■ **What is needed**: The entries below must be reproduced exactly; their pictures are not part of the copy.

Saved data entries
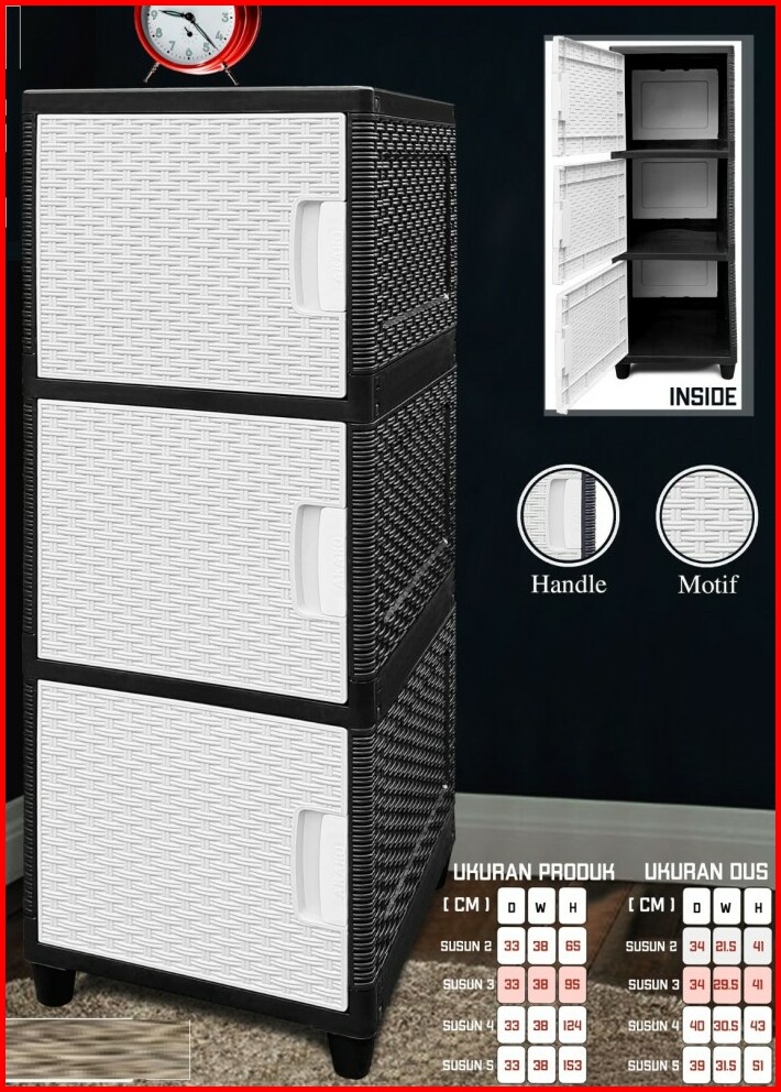 Lemari Plastik Murah Merk Lily Motif Rotan 5 Susun Putih
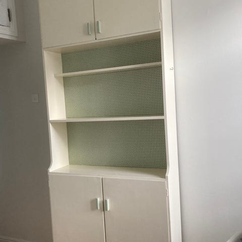 Kalusteessa tyylikkäästi elämän jälkiä eikä ole maalattu tuhanteen kertaan joten halutessasi voit kunnostaa kaapin oman näköiseksi.
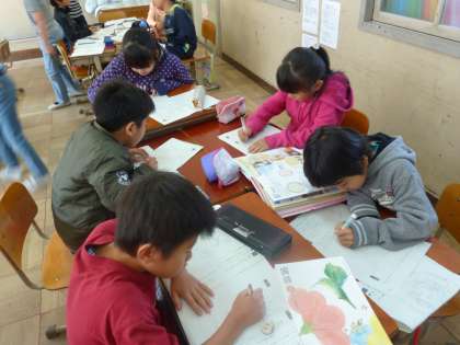 国語の「食べ物のひみつを教えます」の学習で自分たちで調べ学習をしています。栄養教諭の小野先生やお家の人にインタビューをして,グループで発表原稿を考えています。その材料がどのように工夫されて食品に変身しているかを考えています。
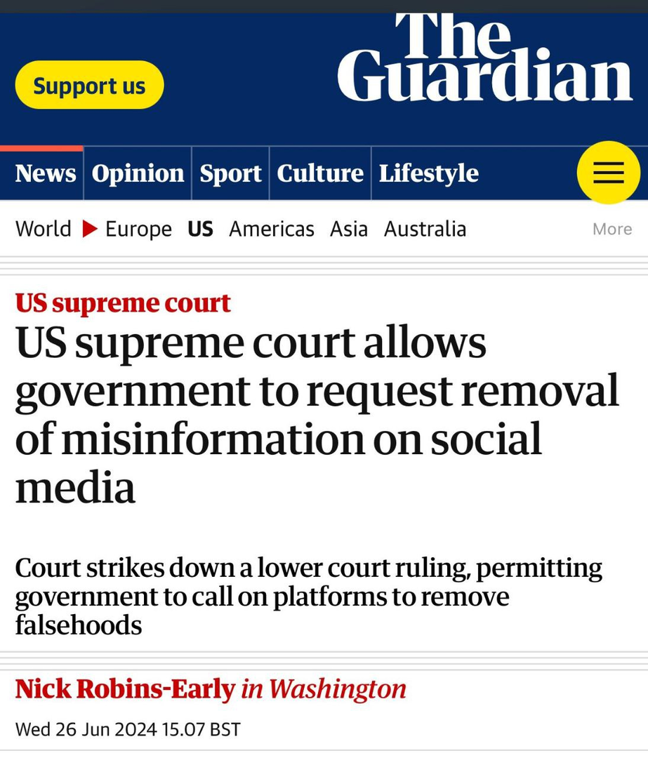 The Guardian Times: "Tòa án tối cao Hoa Kỳ chính thức cho phép chính phủ yêu cầu xóa thông tin sai lệch trên mạng xã hội." (Thực ra thì cái này cũng khá là bình thường thôi, nhưng điều đáng nói ở đây là khi những nước khác làm như vậy thì Mỹ sẽ kết tội độc tài)
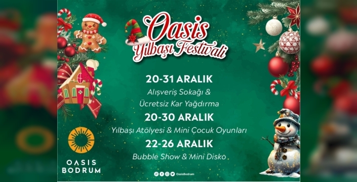 Oasis Bodrum, 20 Aralık'tan itibaren yılbaşı ruhunu yaşatacak etkinliklere ev sahipliği yapıyor. Alışveriş sokağı, atölyeler, bubble show ve mini disko gibi pek çok aktivite ziyaretçileri bekliyor.
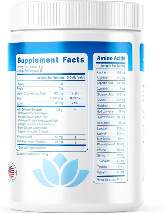 Unflavored Multi Collagen Powder with Vitamin C, Biotin, Hyaluronic Acid & Keratin - 8oz, 30 Servings - Non-GMO, Gluten-Free Collagen Supplements
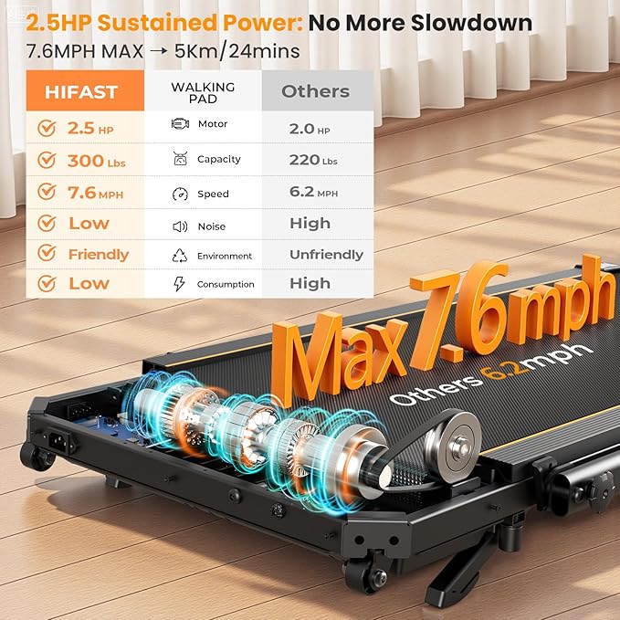 - Commercial 2.5HP Motor & 3-in-1 Treadmill - Switch seamlessly between Walking (0.6-2 MPH), Jogging (2-4 MPH), and Running (4-7.6 MPH) modes. This under desk walking pad powered by a safety-certified 2.5HP(Peak) motor with auto-shutdown protection against overheating; Walking Mode: Steady under-desk strides during work hours; Jogging Mode: Gentle cardio with reduced joint impact; Running Mode: The walking pad with 8% incline burns 42% more calories.

■ **Response below**:
 Lemari Plastik Murah Merk Lily Motif Rotan 5 Susun Putih
 Kalusteessa tyylikkäästi elämän jälkiä eikä ole maalattu tuhanteen kertaan joten halutessasi voit kunnostaa kaapin oman näköiseksi.
 国語の「食べ物のひみつを教えます」の学習で自分たちで調べ学習をしています。栄養教諭の小野先生やお家の人にインタビューをして,グループで発表原稿を考えています。その材料がどのように工夫されて食品に変身しているかを考えています。
 The Guardian Times: "Tòa án tối cao Hoa Kỳ chính thức cho phép chính phủ yêu cầu xóa thông tin sai lệch trên mạng xã hội." (Thực ra thì cái này cũng khá là bình thường thôi, nhưng điều đáng nói ở đây là khi những nước khác làm như vậy thì Mỹ sẽ kết tội độc tài)
 Oasis Bodrum, 20 Aralık'tan itibaren yılbaşı ruhunu yaşatacak etkinliklere ev sahipliği yapıyor. Alışveriş sokağı, atölyeler, bubble show ve mini disko gibi pek çok aktivite ziyaretçileri bekliyor.
 Unflavored Multi Collagen Powder with Vitamin C, Biotin, Hyaluronic Acid & Keratin - 8oz, 30 Servings - Non-GMO, Gluten-Free Collagen Supplements
 - Commercial 2.5HP Motor & 3-in-1 Treadmill - Switch seamlessly between Walking (0.6-2 MPH), Jogging (2-4 MPH), and Running (4-7.6 MPH) modes. This under desk walking pad powered by a safety-certified 2.5HP(Peak) motor with auto-shutdown protection against overheating; Walking Mode: Steady under-desk strides during work hours; Jogging Mode: Gentle cardio with reduced joint impact; Running Mode: The walking pad with 8% incline burns 42% more calories.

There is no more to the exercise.